Carbon Monoxide Coordination and Reversible Photodissociation in Copper(I) Pyridylalkylamine Compounds

Systematic studies of CO coordination and photodissociation have been carried out for a series of copper(I) carbonyl compounds possessing tripodal tetradentate ligands, [CuI(L)(CO)]B(C6F5)4 (L = Me2N-TMPA (1Me2N), MeO-TMPA (1MeO), H-TMPA (1H), PMEA (2pmea), PMAP (2pmap), BQPA (3bqpa). Detailed structural, electrochemical, and infrared characterization has been accomplished. In addition, various experimental techniques were utilized to determine equilibrium binding constants (KCO), association (kCO), and dissociation (k-CO) rate constants, as well as the thermodynamic (ΔH°, ΔS°) and activation parameters (ΔH⧧, ΔS⧧) that regulate these processes.

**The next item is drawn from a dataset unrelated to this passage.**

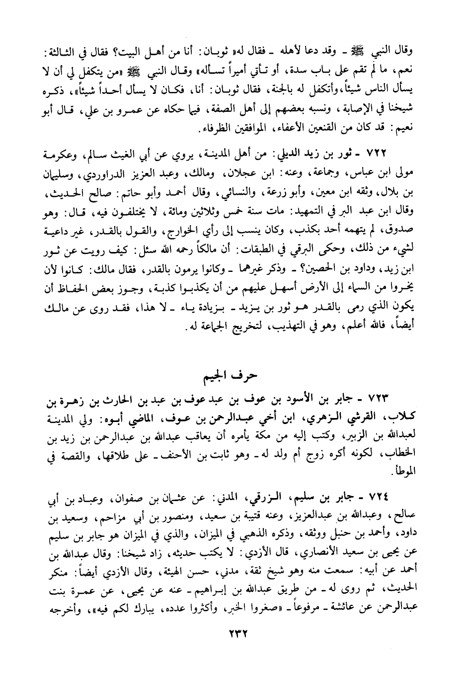 724 - جابر بن سليم الزرقي المدني عن عثمان بن صفوان وعباد بن أبي صالح وعبد الله بن عبد العزيز وعنه قتيبة بن سعيد ومنصور بن أبي مزاحم وسعيد بن داود وأحمد بن حنبل ووثقه وذكره الذهبي في الميزان والذي في الميزان هو جابر بن سليم عن يحيى بن سعيد الأنصاري قال الأزدي لا يكتب حديثه زاد شيخنا وقال عبد الله بن أحمد عن أبيه سمعت منه وهو شيخ ثقة مدني حسن الهيئة وقال الأزدي أيضا منكر الحديث ثم روى له من طريق عبد الله بن إبراهيم عنه عن يحيى عن عمرة بنت عبد الرحمن عن عائشة مرفوعا "صغروا الخبر وأكثروا عدده يبارك لكم فيه" وأخرجه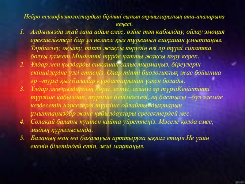 Слайд 16Нейро психофизиологтардың бірінші сынып оқушыларының ата-аналарына кеңесі.

With increased ligand-electron-donating ability, greater π back-bonding results in stronger Cu−CO bonds, leading to KCO values on the order 1Me2N−CO > 1MeO−CO > 1H−CO. With systematic synthetic expansion of the five-membered chelate rings like 1R to six-membered chelate rings like 2R, the stability of the CO adduct decreases, 1H−CO > 2pmea−CO > 2pmap−CO. The CO-binding properties of 3bqpa did not follow trends observed for the other compounds, presumably because of its bulkier ligand framework. Through solid- and solution-state analyses, we concluded that the photolabile carbonyl species in solution possess a tridentate coordination mode, forming strictly five-membered chelate rings to the copper ion with one dangling arm of the tripodal ligand. Carbon monoxide reversibly photodissociated from complexes 1Me2N−CO, 1MeO−CO, 1H−CO, and 3bqpa−CO in coordinating (CH3CN) and weakly coordinating (THF) solvent but not from 2pmea−CO and 2pmap−CO. Comparisons to O2-binding data available for these copper complexes as well as to small molecule (O2, CO, NO) reactions with hemes and copper proteins are discussed.